Having witnessed Whitney, Kamau turns to Lizzie in cell 1 asking if they can help. The pitch of the composition goes askew, giving the canted/dutch angle effect of disorientation. Lizzie’s response of “No…” begins to explain the heightened unease. Shadow black is taking over Meiko and Lizzie, showing the darkness of death and sorrow that isn’t yet clear to Kam.
Lizzie explains in cell 2 that Meiko’s neck is broken. This panel is the reverse shot of the last. Now Kam appears in shadow with the placement of the “camera” at the floor. Lizzie hasn’t yet laid bare the truth, but this panel, by giving a floor-bound composition, properly reinforces the stomach drop of realization.
In cell 3, Lizzie removes all doubt. “She’s dead, Kam. Meiko’s dead.” Lizzie’s hand appears over Meiko’s forehead, perhaps closing her eyelids. The other women on the team have gathered behind Lizzie, crouching on the floor to see for themselves and to say good-bye. Behind them stands one lone guard, reminding us of the killer and the hierarchy that enabled murder, even if he is not the exact man who did this. Penny stands removed to the right side, her head cut off by the frame, her posture neutral, indicating her momentary denial.

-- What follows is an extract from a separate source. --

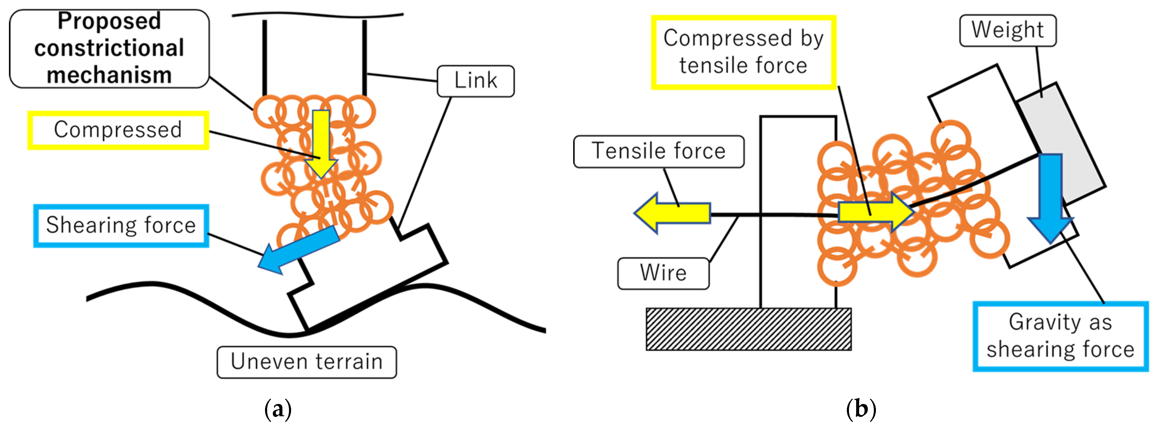 3]. Jamming is a phenomenon in which a structure composed of elements (such as particles, fibers, and layers) imposes geometric constraints between the elements under applied pressure, thereby strengthening frictional coupling and reversibly increasing the structure’s stiffness. Regarding the application of jamming to impart variable stiffness to leg mechanisms, many studies have been conducted using fiber jamming as a tendon mechanism in the leg [

The final two panels are engineered to allow the audience to have their own emotional reaction. We only get the reactions of the characters at a distance, even though this would be a moment of extreme emotion; De Landro doesn’t give us the close-ups. There will be time later for their emotional responses. These panels are for the readers. That’s not to say we don’t get indications in cell 4 of how Penny and Kam emotionally respond.
Penny drops to her hands and knees next to Meiko on the floor. She has been overcome by the emotional shock, made weak by the sudden surge of anguish. Seeing Penny, who is strong as an oak, remember, felled by the loss of her good friend is heart-breaking. Kam folds one arm around her own waist, a sort-of half hug to indicate her sadness. The other hand holds her hair, showing her feeling of helplessness and anxiety. Whitney overlooks the scene on the left side of the composition, heavily shadowed to show her antagonism.
Meiko’s body is illustrated as a white silhouette, making her starkly stand out in the long shot but also to indicate she’s now ghostly, gone to another world. She’s absent. White space. RIP, Meiko.